Begegnung mit Bären

Erlebnisse mit mächtigem Schwarzbär und seltenem Geisterbär

Auf dem Weg Richtung vorgelagerte Inseln sind Gudrun und ihr Freund auf einmal von Schwertwalen und Killerwalen umgeben. Weil diese Wale auch in der Gemeinschaft jagen, werden sie von dem Stamm First Nations auch "Wölfe des Meeres" genannt. An Land erhofft sich Gudrun in einer Siedlung ein paar Neuigkeiten über Wölfe.

Schwarzbär mit Lachs

Gudrun ist voller Hoffung, denn die Orcas folgen dem Lachszug. Und wo Lachse sind, sind hoffentlich auch Wölfe. Ein Fischer hat eine gute Nachricht: Ganz in der Nähe habe er am Morgen vierzig Minuten Wolfsgeheul gehört, so lang wie noch nie. Für Gudrun ist das ein gutes Zeichen. Sie hofft auf einen ganz besonderen Tag, denn sie trifft auch Marvin Robinson, einen Freund, der in diesen Wäldern aufgewachsen ist.
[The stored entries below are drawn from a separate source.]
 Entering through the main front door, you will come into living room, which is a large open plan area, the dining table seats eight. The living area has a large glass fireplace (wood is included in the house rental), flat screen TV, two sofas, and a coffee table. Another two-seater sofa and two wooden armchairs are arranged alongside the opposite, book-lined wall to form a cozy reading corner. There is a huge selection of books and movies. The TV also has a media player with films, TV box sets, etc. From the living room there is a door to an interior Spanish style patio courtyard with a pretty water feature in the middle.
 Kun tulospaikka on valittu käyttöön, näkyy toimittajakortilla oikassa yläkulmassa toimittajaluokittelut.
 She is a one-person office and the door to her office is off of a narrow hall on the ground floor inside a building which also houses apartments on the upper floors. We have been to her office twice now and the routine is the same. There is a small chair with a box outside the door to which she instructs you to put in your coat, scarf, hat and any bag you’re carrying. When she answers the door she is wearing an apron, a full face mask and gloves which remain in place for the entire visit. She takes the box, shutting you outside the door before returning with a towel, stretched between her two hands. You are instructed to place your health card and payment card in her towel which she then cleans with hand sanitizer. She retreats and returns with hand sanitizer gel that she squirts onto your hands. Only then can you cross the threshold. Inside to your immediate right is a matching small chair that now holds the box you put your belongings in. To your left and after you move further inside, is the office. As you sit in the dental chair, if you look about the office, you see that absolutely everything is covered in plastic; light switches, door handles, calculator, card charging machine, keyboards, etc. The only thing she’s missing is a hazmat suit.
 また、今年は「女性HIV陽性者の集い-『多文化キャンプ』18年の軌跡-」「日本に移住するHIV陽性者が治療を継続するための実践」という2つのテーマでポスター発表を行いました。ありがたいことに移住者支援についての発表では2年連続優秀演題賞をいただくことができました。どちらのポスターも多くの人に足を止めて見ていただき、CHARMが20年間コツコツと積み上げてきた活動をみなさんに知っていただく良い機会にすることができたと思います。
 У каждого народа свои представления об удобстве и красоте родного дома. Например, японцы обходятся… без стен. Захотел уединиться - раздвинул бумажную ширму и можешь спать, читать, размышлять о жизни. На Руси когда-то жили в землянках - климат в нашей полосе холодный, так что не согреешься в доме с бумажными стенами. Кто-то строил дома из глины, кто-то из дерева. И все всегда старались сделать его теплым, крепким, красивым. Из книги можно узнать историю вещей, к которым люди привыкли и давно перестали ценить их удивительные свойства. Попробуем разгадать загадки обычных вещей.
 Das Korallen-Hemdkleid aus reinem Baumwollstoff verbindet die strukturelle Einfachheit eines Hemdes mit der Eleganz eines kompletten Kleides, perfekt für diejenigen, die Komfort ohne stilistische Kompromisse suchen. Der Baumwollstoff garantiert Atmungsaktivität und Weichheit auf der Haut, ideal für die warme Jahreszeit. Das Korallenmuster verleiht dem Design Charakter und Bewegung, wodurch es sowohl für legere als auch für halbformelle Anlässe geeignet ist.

Marvin gilt als der Wildexperte vom First Nations Stamm der Gitga'at.

Imposanter Anblick

An einem Baum entdeckt Marvin frische Kratzspuren von einem mächtigen Bär. Sie führen hinunter an den Fluss, der jetzt voll von Lachsen ist. Hier lohnt es sich zu warten. Marvin hat am anderen Flussufer frische Lachsreste gesehen, unklar ob hier Wölfe auf der Jagd waren oder Bären. Doch dann kommt ein ausgewachsener Schwarzbär näher. Marvin rät Gudrun, besonders auf die Ohren des Bären zu achten. Legt er sie zurück, heißt das Vorsicht. Die Beobachter müssen sich dann "unterwürfig" verhalten, ganz so wie ein rangniederer Bär. Bei dem imposanten Anblick kann Gudrun kaum glauben, dass auch diese kräftigen Tiere Wölfen zum Opfer fallen können. Schon oft hat sie bei den Wolfsspuren Bärenhaare entdeckt.
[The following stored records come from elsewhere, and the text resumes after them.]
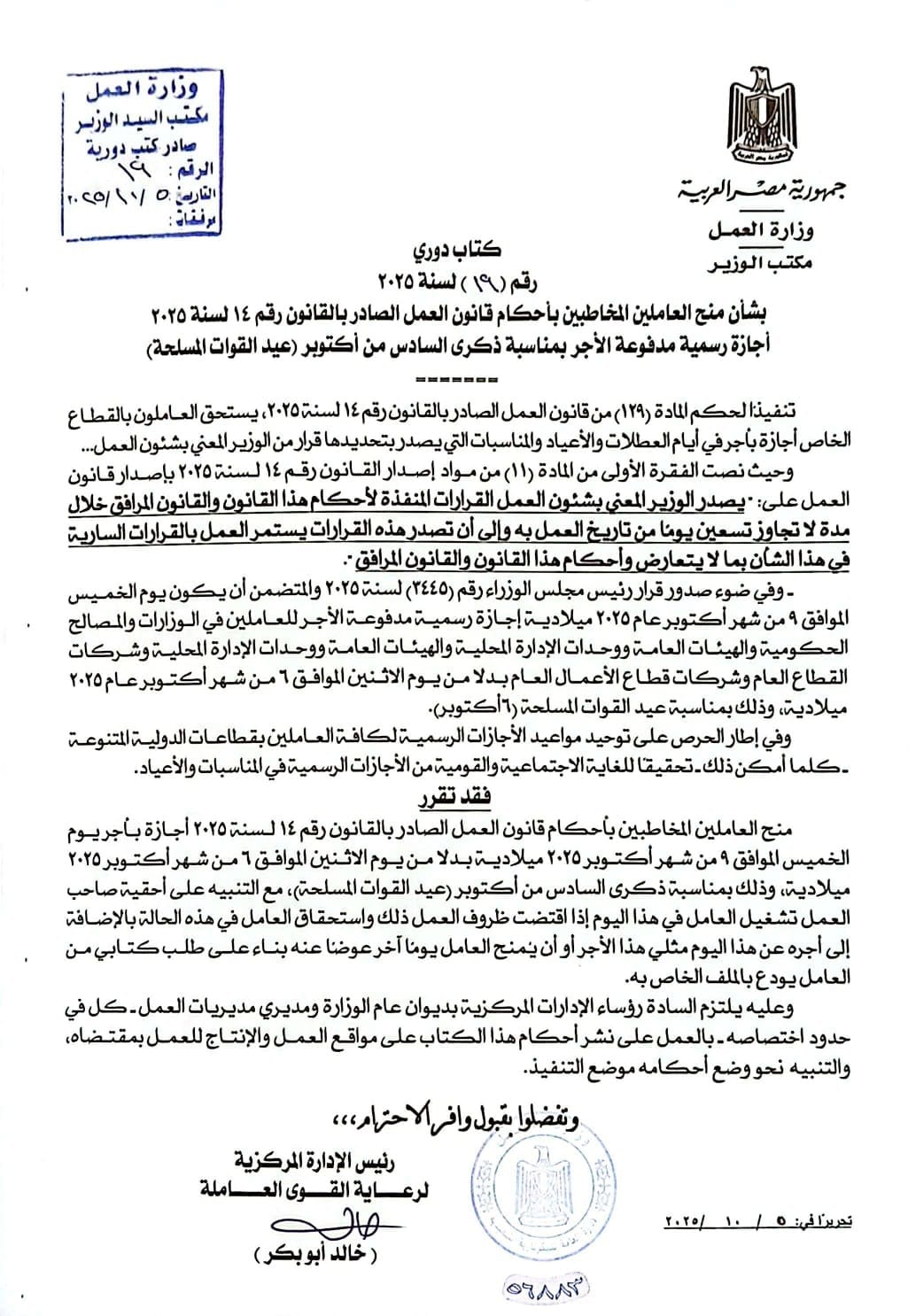 وقد أصدرت وزارة العمل اليوم الكتاب الدوري رقم (19) لسنة 2025 بشأن منح العاملين الخاضعين لأحكام قانون العمل إجازة رسمية مدفوعة الأجر بهذه المناسبة، تنفيذًا لحكم المادة (129) من قانون العمل، وحرصًا على توحيد مواعيد الإجازات الرسمية لكافة قطاعات الدولة تحقيقًا للغاية الاجتماعية والقومية منها... وشدد الوزير على ضرورة التزام رؤساء الإدارات المركزية بديوان عام الوزارة ومديري المديريات – كل في حدود اختصاصه – بنشر أحكام الكتاب والعمل بمقتضاها ووضعها موضع التنفيذ في مواقع العمل والإنتاج. وتقدَّم وزير العمل بأسمى التهاني إلى عمال وشعب مصر العظيم بمناسبة ذكرى انتصارات أكتوبر المجيدة، داعيًا الله أن يعيدها على وطننا الغالي بمزيد من الأمن والرخاء تحت قيادة فخامة الرئيس عبدالفتاح السيسي، رئيس الجمهورية.
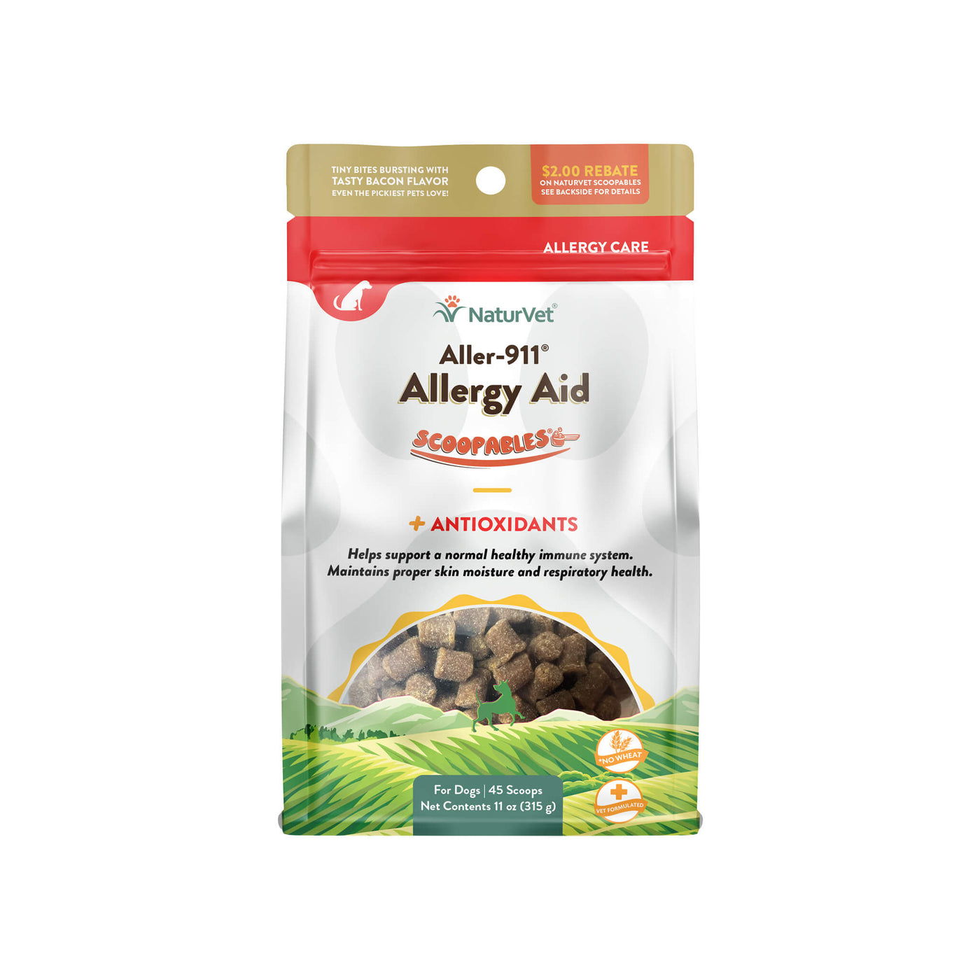 NaturVet Aller-911 Allergy Aid Soft Chews for Dogs provide gentle, effective relief from environmental allergies and skin irritation. These allergy chews for dogs are formulated with omega fatty acids, antioxidants, and vitamins to help maintain normal histamine levels and immune response.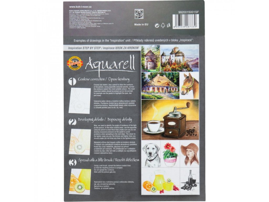 - Na přední obálce v horní části mašle, název Aquarell inspiration, barevný motiv, formát A4 – 20 listů, 250 g/m2.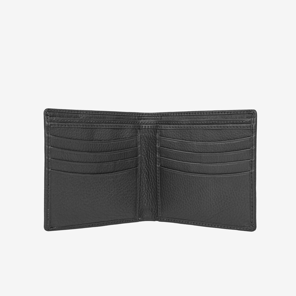 În interior are 2 compartimente pentru bancnote, 8 buzunare pentru carduri și 2 buzunare de dimensiune mare (pentru carte identitate etc.).
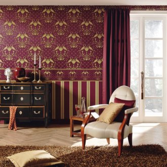 Örneğin, açık çizgiler olarak, pastel renklerde yapılmış bir desene sahip krem duvar kağıtları mükemmel ve koyu olanlar olarak - kadifemsi bir dokuya sahip siyah veya koyu gri duvar kağıtları.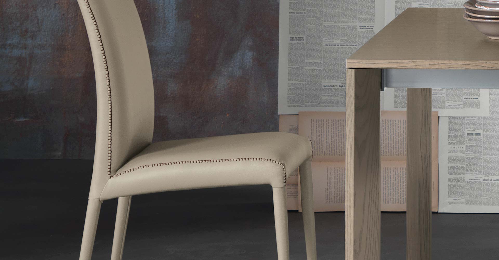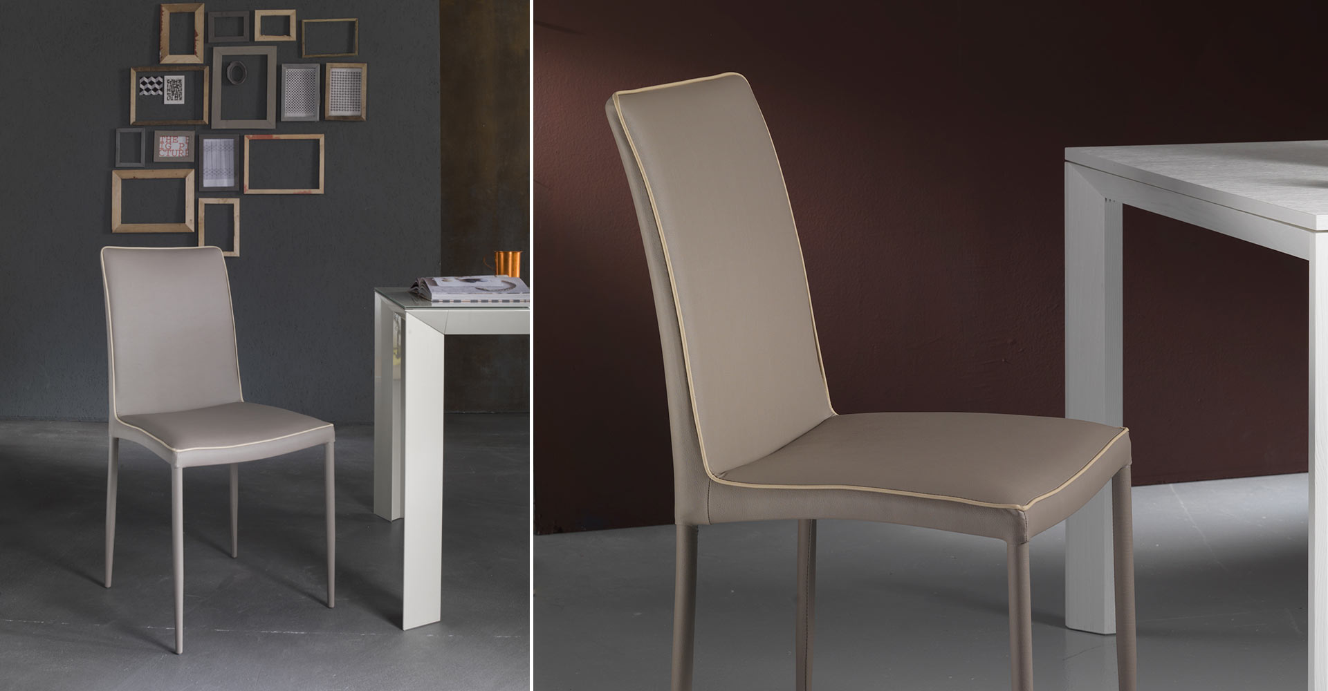 Marta is a modern chair that stands out for its comfort. The flexible backrest and the edge of the seat have piping around the edges. It has a steel structure and a seat with elastic bands. Its classic lines, with a touch of originality given by the piping, make it an elegant, modern chair and, thanks to its versatility, suitable for any environment.

Gudrun, Marvin und Schwarzbär

Nur noch drei Tage bis zum Ende der Expedition und immer noch keine Spur von Wölfen. Fast geräuschlos patrouilliert Gudrun mit einem Kajak am Ufer entlang. Bei Ebbe ist es für die Wölfe leichter, die flinken Lachse zu fangen und so hofft Gudrun darauf, dass sie bald zu sehen sind. Doch an Land taucht plötzlich ein Geisterbär auf. Der weiße Bär lebt nur in diesem Gebiet und ist äußerst selten. Eigentlich ist er auch ein Schwarzbär. Die Indianer sagen, dass der Schöpfer einen von zehn Bären weiß gemacht habe, als Erinnerung an vergangene Zeiten voller Schnee und Eis. Dem First Nations Stamm kündigt ein Erscheinen des Geisterbären immer etwas ganz Besonderes an.

Weißer Bär

Intime Details

Unterwegs auf dem Segelboot kommt Gudrun und Jean-Marc ein anderes Schiff entgegen. Es gehört der Umweltschutzorganisation Raincoast Society. Die Biologen Paul Paquet und Chris Darimont sind gute Freunde von Gudrun. Gemeinsam kämpfen sie dagegen, dass Bären und Wölfe in den Küstenwäldern unkontrolliert gejagt werden. Alle warten gespannt auf die Ausbeute von Gudruns Überwachungskamera. Die Bilder liefern neue interessante und sogar intime Details der Wölfe aus dieser unerforschten Region. Sie zeigen unter anderem sich paarende Wölfe.

Auch Paul Paquet hat eine Überraschung für Gudrun. Er zeigt ihr neues Filmmaterial aus ihrem Forschungsgebiet. Auf dem Video ist zu sehen, wie die Küstenwölfe ausdauernd über lange Strecken schwimmen können. Sie durchqueren nicht nur Flüsse, sie ziehen sogar von Insel zu Insel. So erschließen sie sich vermutlich neue Reviere. Gudrun fühlt sich bestätigt, auf Inseln nach Wölfen zu suchen. Chris hat festgestellt, dass sie Entfernungen bis zu zwölf Kilometer schaffen.